Reproduce the listing below in full and exactly; no pictures belong in the copy.
________________________
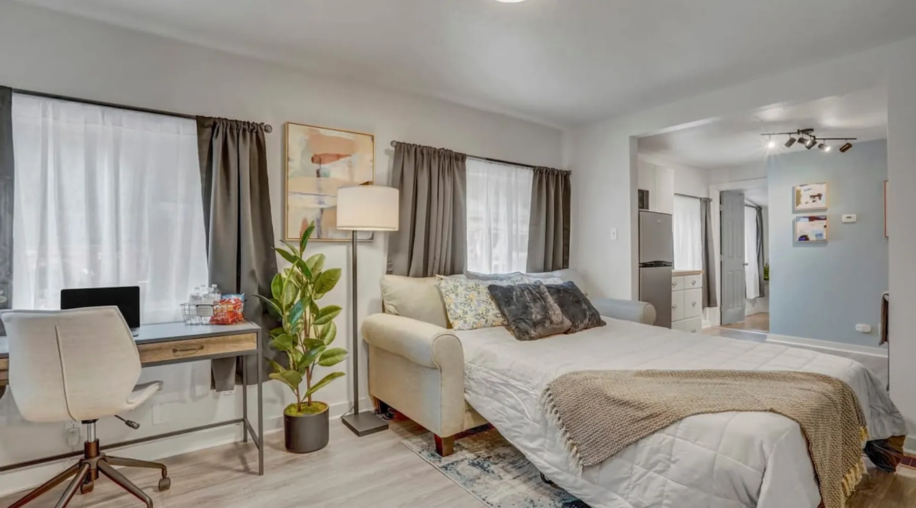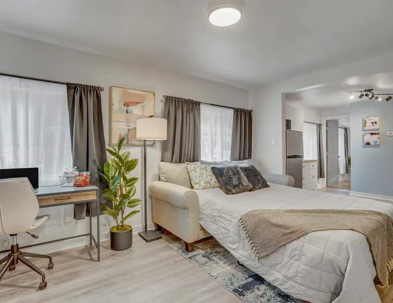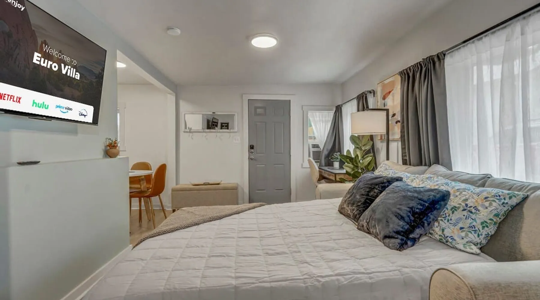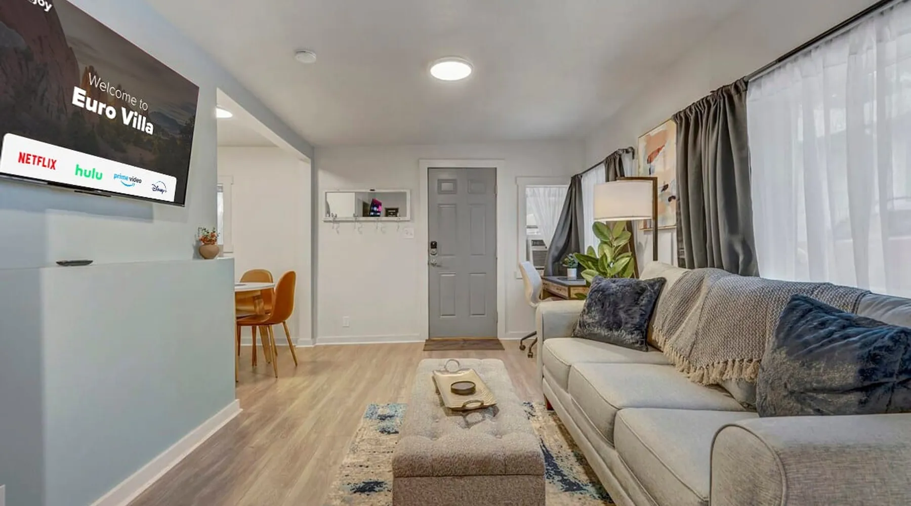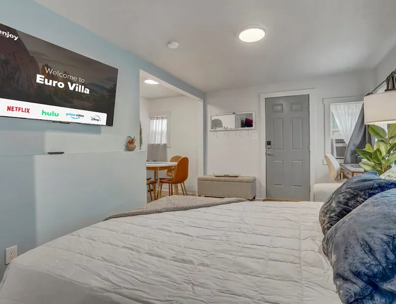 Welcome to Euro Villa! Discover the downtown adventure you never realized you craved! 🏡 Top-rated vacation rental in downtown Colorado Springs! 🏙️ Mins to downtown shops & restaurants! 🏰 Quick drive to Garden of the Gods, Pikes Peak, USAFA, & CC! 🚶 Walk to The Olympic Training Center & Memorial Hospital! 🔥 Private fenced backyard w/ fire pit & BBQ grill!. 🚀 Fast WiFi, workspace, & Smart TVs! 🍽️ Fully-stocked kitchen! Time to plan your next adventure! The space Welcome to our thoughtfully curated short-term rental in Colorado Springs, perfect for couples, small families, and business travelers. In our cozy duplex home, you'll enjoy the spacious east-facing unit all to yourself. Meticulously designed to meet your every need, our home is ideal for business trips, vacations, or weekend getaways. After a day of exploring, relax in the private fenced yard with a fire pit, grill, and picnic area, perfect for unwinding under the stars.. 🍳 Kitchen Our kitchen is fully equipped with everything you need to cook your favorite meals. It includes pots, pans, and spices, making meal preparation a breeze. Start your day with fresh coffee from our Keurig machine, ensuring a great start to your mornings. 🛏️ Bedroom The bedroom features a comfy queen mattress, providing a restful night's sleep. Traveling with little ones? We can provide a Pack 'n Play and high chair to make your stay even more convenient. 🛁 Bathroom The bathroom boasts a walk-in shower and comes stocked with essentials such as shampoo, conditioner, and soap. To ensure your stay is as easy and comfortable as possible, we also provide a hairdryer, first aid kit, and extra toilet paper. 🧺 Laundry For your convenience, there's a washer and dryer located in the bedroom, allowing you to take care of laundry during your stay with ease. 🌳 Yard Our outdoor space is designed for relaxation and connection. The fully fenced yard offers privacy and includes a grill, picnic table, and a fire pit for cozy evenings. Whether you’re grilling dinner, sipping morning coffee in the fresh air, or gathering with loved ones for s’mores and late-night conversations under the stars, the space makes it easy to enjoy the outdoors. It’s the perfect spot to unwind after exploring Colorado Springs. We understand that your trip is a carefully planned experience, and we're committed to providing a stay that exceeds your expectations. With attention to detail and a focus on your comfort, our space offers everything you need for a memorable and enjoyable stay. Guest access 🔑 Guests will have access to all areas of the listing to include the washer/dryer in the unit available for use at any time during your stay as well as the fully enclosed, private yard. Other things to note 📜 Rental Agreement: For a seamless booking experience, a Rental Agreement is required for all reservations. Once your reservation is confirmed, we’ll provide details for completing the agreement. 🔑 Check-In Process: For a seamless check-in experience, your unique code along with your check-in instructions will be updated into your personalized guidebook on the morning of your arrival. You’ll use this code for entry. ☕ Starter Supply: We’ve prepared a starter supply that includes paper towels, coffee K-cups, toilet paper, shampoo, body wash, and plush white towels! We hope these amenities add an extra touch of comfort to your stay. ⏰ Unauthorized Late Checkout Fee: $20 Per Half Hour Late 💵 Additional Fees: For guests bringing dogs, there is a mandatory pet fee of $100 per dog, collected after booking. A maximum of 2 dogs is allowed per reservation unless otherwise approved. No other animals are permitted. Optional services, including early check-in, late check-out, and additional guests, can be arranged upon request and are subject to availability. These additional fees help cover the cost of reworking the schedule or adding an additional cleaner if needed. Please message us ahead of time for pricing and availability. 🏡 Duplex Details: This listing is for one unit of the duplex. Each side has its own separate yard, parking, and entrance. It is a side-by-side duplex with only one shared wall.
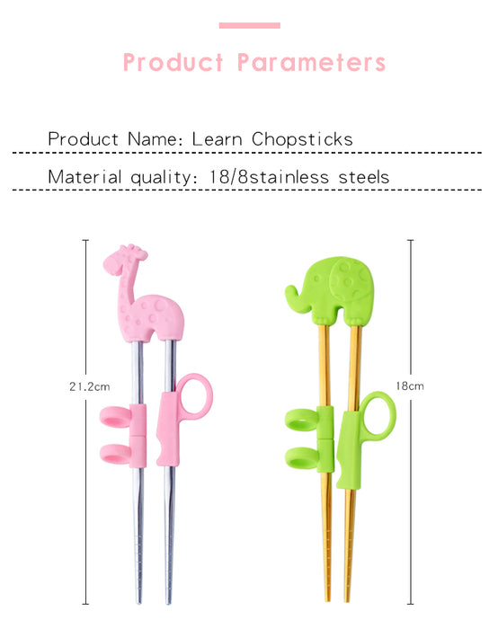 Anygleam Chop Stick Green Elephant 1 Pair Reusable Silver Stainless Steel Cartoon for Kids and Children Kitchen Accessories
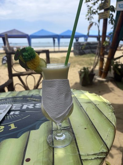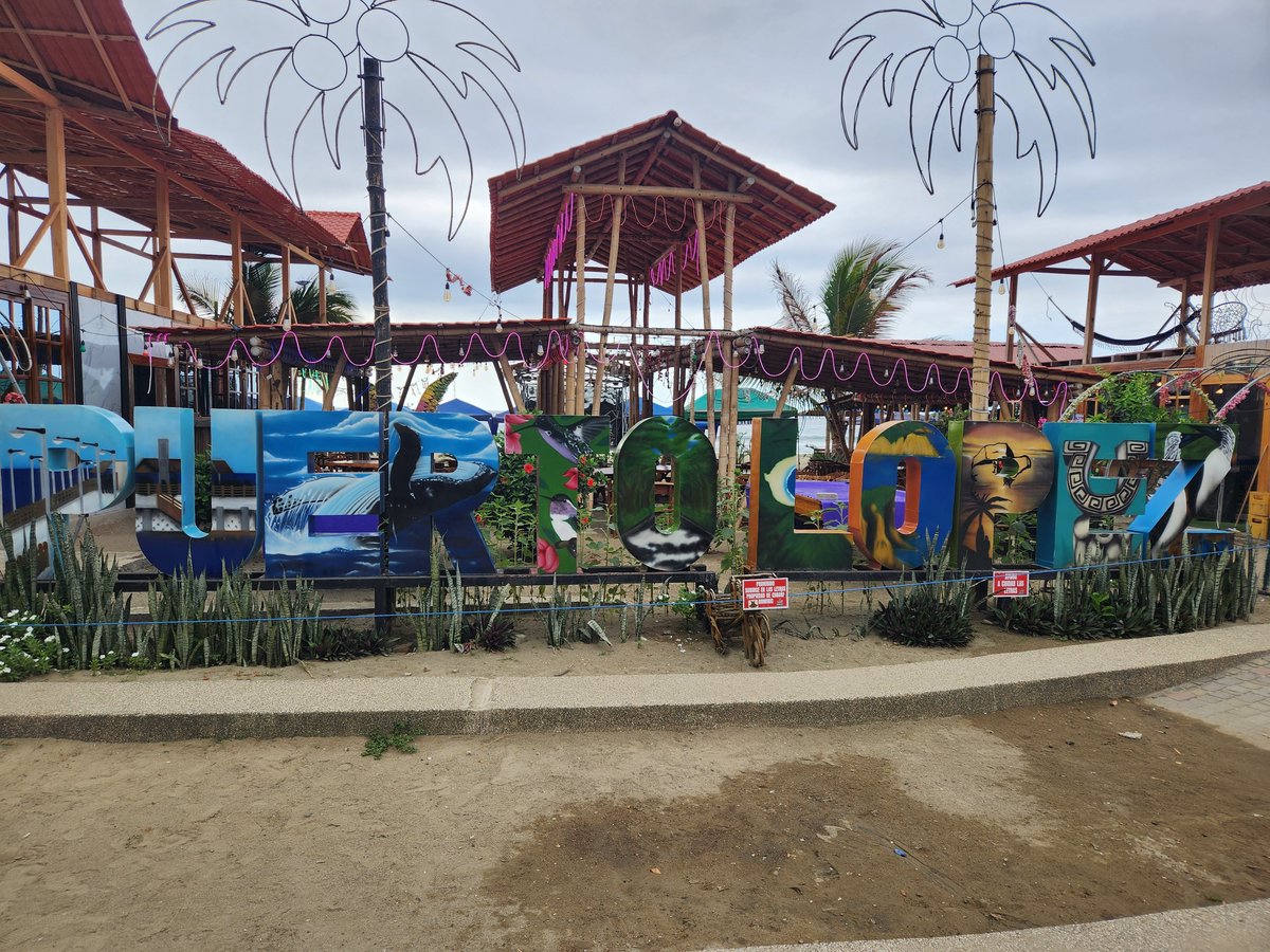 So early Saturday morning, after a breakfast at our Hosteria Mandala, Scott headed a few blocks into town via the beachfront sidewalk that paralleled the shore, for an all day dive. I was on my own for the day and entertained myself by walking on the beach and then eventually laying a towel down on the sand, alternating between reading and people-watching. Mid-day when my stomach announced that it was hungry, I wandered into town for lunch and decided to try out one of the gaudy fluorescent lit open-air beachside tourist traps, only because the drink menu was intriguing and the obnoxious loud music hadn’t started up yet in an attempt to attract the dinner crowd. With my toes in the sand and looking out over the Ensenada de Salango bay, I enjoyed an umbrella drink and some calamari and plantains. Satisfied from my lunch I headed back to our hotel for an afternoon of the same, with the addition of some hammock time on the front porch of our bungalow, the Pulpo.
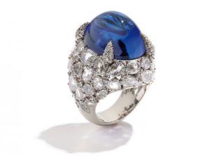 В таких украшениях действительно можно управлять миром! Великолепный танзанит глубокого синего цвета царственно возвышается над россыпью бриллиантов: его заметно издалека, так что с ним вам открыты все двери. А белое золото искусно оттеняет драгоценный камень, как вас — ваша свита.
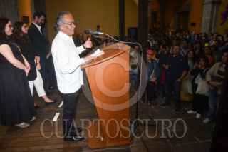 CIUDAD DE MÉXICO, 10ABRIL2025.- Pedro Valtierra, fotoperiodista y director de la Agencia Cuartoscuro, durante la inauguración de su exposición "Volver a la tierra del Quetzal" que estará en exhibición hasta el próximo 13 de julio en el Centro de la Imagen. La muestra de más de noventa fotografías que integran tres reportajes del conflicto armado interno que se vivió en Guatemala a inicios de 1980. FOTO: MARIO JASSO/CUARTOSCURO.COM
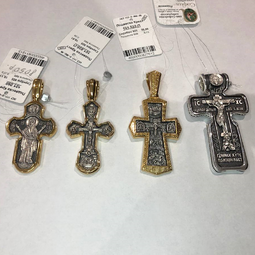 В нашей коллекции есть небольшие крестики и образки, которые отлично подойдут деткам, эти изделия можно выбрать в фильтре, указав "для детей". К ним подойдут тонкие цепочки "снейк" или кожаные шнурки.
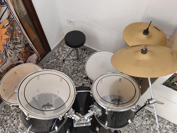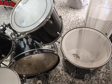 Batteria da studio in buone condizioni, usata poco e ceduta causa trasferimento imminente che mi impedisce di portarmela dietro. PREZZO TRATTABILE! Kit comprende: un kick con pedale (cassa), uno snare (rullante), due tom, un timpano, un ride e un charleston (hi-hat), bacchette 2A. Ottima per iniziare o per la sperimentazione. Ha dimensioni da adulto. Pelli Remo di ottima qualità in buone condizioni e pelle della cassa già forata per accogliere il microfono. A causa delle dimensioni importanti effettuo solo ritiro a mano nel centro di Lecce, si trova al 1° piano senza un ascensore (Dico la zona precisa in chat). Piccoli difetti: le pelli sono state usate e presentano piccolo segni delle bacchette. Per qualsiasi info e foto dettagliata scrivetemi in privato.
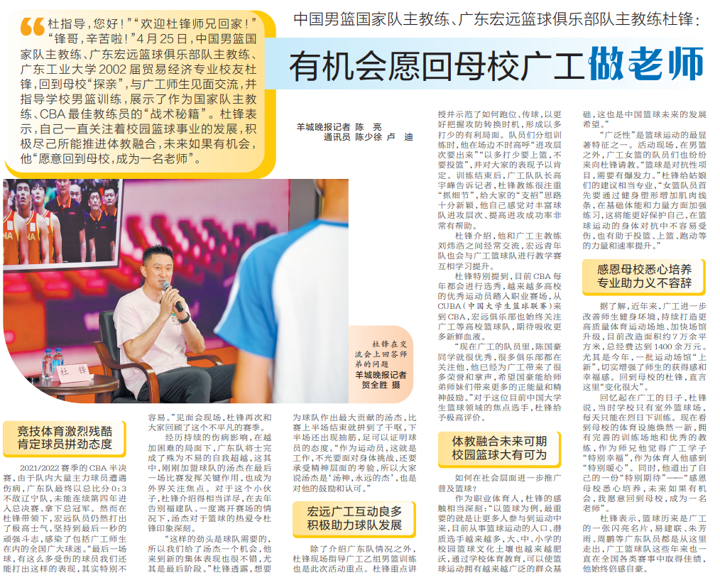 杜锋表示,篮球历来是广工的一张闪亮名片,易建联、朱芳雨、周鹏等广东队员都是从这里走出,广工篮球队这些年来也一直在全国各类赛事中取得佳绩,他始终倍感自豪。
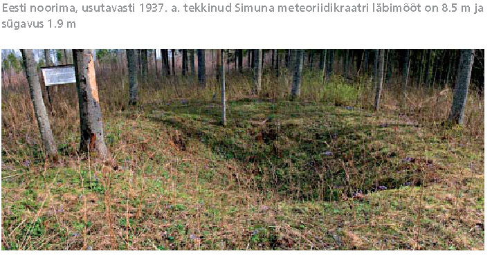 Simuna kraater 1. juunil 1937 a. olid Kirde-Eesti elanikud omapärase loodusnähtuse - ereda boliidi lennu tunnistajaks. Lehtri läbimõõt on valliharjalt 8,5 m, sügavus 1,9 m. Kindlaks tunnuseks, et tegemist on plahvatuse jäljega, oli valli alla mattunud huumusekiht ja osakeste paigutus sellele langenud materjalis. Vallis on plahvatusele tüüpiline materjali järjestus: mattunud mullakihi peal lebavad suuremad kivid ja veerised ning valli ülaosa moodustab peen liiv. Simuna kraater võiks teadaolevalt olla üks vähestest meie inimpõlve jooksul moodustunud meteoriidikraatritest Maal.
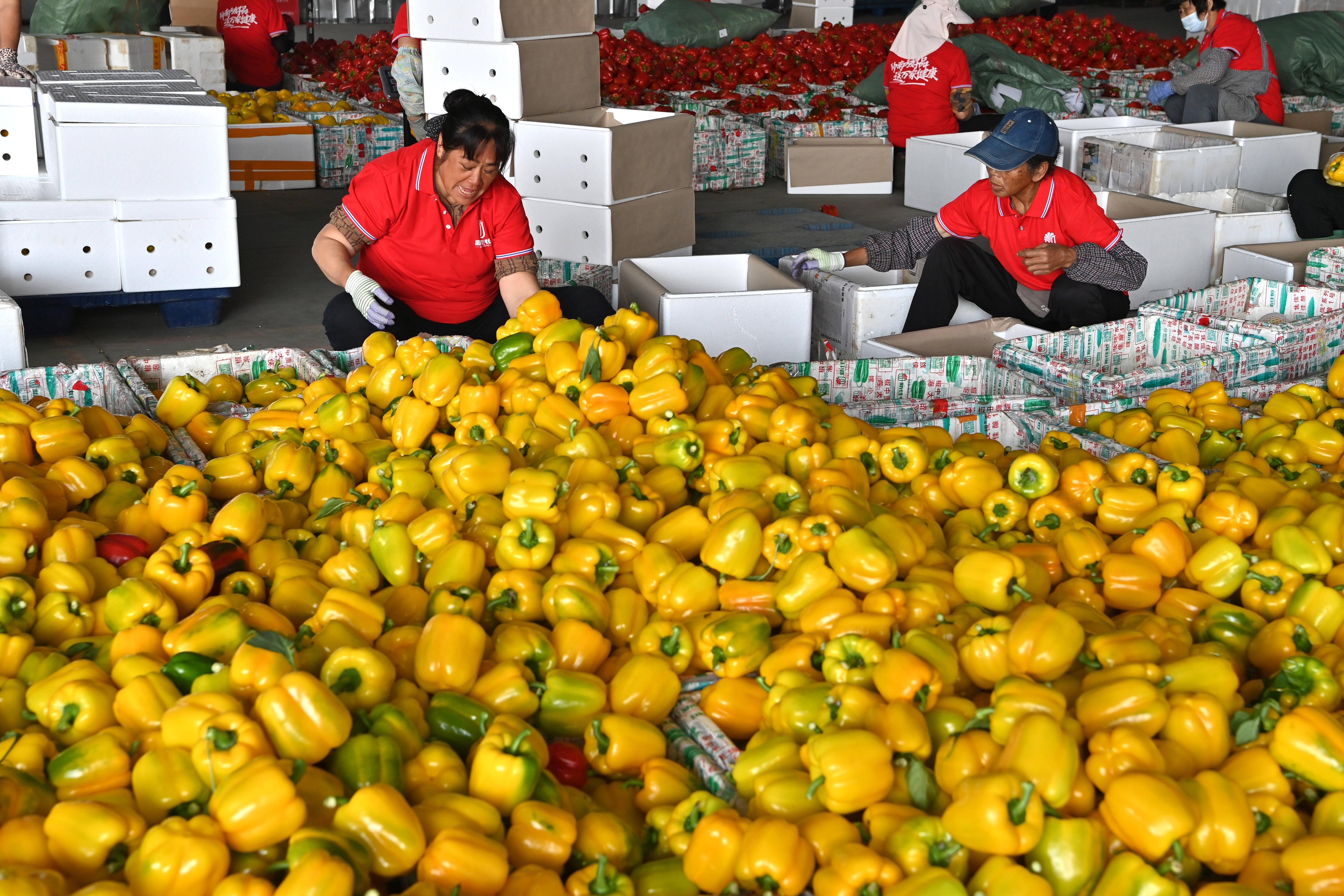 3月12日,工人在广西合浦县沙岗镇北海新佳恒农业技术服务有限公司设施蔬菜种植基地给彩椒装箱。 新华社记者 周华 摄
________________________
▶ Solution:
 Welcome to Euro Villa! Discover the downtown adventure you never realized you craved! 🏡 Top-rated vacation rental in downtown Colorado Springs! 🏙️ Mins to downtown shops & restaurants! 🏰 Quick drive to Garden of the Gods, Pikes Peak, USAFA, & CC! 🚶 Walk to The Olympic Training Center & Memorial Hospital! 🔥 Private fenced backyard w/ fire pit & BBQ grill!. 🚀 Fast WiFi, workspace, & Smart TVs! 🍽️ Fully-stocked kitchen! Time to plan your next adventure! The space Welcome to our thoughtfully curated short-term rental in Colorado Springs, perfect for couples, small families, and business travelers. In our cozy duplex home, you'll enjoy the spacious east-facing unit all to yourself. Meticulously designed to meet your every need, our home is ideal for business trips, vacations, or weekend getaways. After a day of exploring, relax in the private fenced yard with a fire pit, grill, and picnic area, perfect for unwinding under the stars.. 🍳 Kitchen Our kitchen is fully equipped with everything you need to cook your favorite meals. It includes pots, pans, and spices, making meal preparation a breeze. Start your day with fresh coffee from our Keurig machine, ensuring a great start to your mornings. 🛏️ Bedroom The bedroom features a comfy queen mattress, providing a restful night's sleep. Traveling with little ones? We can provide a Pack 'n Play and high chair to make your stay even more convenient. 🛁 Bathroom The bathroom boasts a walk-in shower and comes stocked with essentials such as shampoo, conditioner, and soap. To ensure your stay is as easy and comfortable as possible, we also provide a hairdryer, first aid kit, and extra toilet paper. 🧺 Laundry For your convenience, there's a washer and dryer located in the bedroom, allowing you to take care of laundry during your stay with ease. 🌳 Yard Our outdoor space is designed for relaxation and connection. The fully fenced yard offers privacy and includes a grill, picnic table, and a fire pit for cozy evenings. Whether you’re grilling dinner, sipping morning coffee in the fresh air, or gathering with loved ones for s’mores and late-night conversations under the stars, the space makes it easy to enjoy the outdoors. It’s the perfect spot to unwind after exploring Colorado Springs. We understand that your trip is a carefully planned experience, and we're committed to providing a stay that exceeds your expectations. With attention to detail and a focus on your comfort, our space offers everything you need for a memorable and enjoyable stay. Guest access 🔑 Guests will have access to all areas of the listing to include the washer/dryer in the unit available for use at any time during your stay as well as the fully enclosed, private yard. Other things to note 📜 Rental Agreement: For a seamless booking experience, a Rental Agreement is required for all reservations. Once your reservation is confirmed, we’ll provide details for completing the agreement. 🔑 Check-In Process: For a seamless check-in experience, your unique code along with your check-in instructions will be updated into your personalized guidebook on the morning of your arrival. You’ll use this code for entry. ☕ Starter Supply: We’ve prepared a starter supply that includes paper towels, coffee K-cups, toilet paper, shampoo, body wash, and plush white towels! We hope these amenities add an extra touch of comfort to your stay. ⏰ Unauthorized Late Checkout Fee: $20 Per Half Hour Late 💵 Additional Fees: For guests bringing dogs, there is a mandatory pet fee of $100 per dog, collected after booking. A maximum of 2 dogs is allowed per reservation unless otherwise approved. No other animals are permitted. Optional services, including early check-in, late check-out, and additional guests, can be arranged upon request and are subject to availability. These additional fees help cover the cost of reworking the schedule or adding an additional cleaner if needed. Please message us ahead of time for pricing and availability. 🏡 Duplex Details: This listing is for one unit of the duplex. Each side has its own separate yard, parking, and entrance. It is a side-by-side duplex with only one shared wall.
 Anygleam Chop Stick Green Elephant 1 Pair Reusable Silver Stainless Steel Cartoon for Kids and Children Kitchen Accessories
 So early Saturday morning, after a breakfast at our Hosteria Mandala, Scott headed a few blocks into town via the beachfront sidewalk that paralleled the shore, for an all day dive. I was on my own for the day and entertained myself by walking on the beach and then eventually laying a towel down on the sand, alternating between reading and people-watching. Mid-day when my stomach announced that it was hungry, I wandered into town for lunch and decided to try out one of the gaudy fluorescent lit open-air beachside tourist traps, only because the drink menu was intriguing and the obnoxious loud music hadn’t started up yet in an attempt to attract the dinner crowd. With my toes in the sand and looking out over the Ensenada de Salango bay, I enjoyed an umbrella drink and some calamari and plantains. Satisfied from my lunch I headed back to our hotel for an afternoon of the same, with the addition of some hammock time on the front porch of our bungalow, the Pulpo.
 В таких украшениях действительно можно управлять миром! Великолепный танзанит глубокого синего цвета царственно возвышается над россыпью бриллиантов: его заметно издалека, так что с ним вам открыты все двери. А белое золото искусно оттеняет драгоценный камень, как вас — ваша свита.
 CIUDAD DE MÉXICO, 10ABRIL2025.- Pedro Valtierra, fotoperiodista y director de la Agencia Cuartoscuro, durante la inauguración de su exposición "Volver a la tierra del Quetzal" que estará en exhibición hasta el próximo 13 de julio en el Centro de la Imagen. La muestra de más de noventa fotografías que integran tres reportajes del conflicto armado interno que se vivió en Guatemala a inicios de 1980. FOTO: MARIO JASSO/CUARTOSCURO.COM
 В нашей коллекции есть небольшие крестики и образки, которые отлично подойдут деткам, эти изделия можно выбрать в фильтре, указав "для детей". К ним подойдут тонкие цепочки "снейк" или кожаные шнурки.
 Batteria da studio in buone condizioni, usata poco e ceduta causa trasferimento imminente che mi impedisce di portarmela dietro. PREZZO TRATTABILE! Kit comprende: un kick con pedale (cassa), uno snare (rullante), due tom, un timpano, un ride e un charleston (hi-hat), bacchette 2A. Ottima per iniziare o per la sperimentazione. Ha dimensioni da adulto. Pelli Remo di ottima qualità in buone condizioni e pelle della cassa già forata per accogliere il microfono. A causa delle dimensioni importanti effettuo solo ritiro a mano nel centro di Lecce, si trova al 1° piano senza un ascensore (Dico la zona precisa in chat). Piccoli difetti: le pelli sono state usate e presentano piccolo segni delle bacchette. Per qualsiasi info e foto dettagliata scrivetemi in privato.
 杜锋表示,篮球历来是广工的一张闪亮名片,易建联、朱芳雨、周鹏等广东队员都是从这里走出,广工篮球队这些年来也一直在全国各类赛事中取得佳绩,他始终倍感自豪。
 Simuna kraater 1. juunil 1937 a. olid Kirde-Eesti elanikud omapärase loodusnähtuse - ereda boliidi lennu tunnistajaks. Lehtri läbimõõt on valliharjalt 8,5 m, sügavus 1,9 m. Kindlaks tunnuseks, et tegemist on plahvatuse jäljega, oli valli alla mattunud huumusekiht ja osakeste paigutus sellele langenud materjalis. Vallis on plahvatusele tüüpiline materjali järjestus: mattunud mullakihi peal lebavad suuremad kivid ja veerised ning valli ülaosa moodustab peen liiv. Simuna kraater võiks teadaolevalt olla üks vähestest meie inimpõlve jooksul moodustunud meteoriidikraatritest Maal.
 3月12日,工人在广西合浦县沙岗镇北海新佳恒农业技术服务有限公司设施蔬菜种植基地给彩椒装箱。 新华社记者 周华 摄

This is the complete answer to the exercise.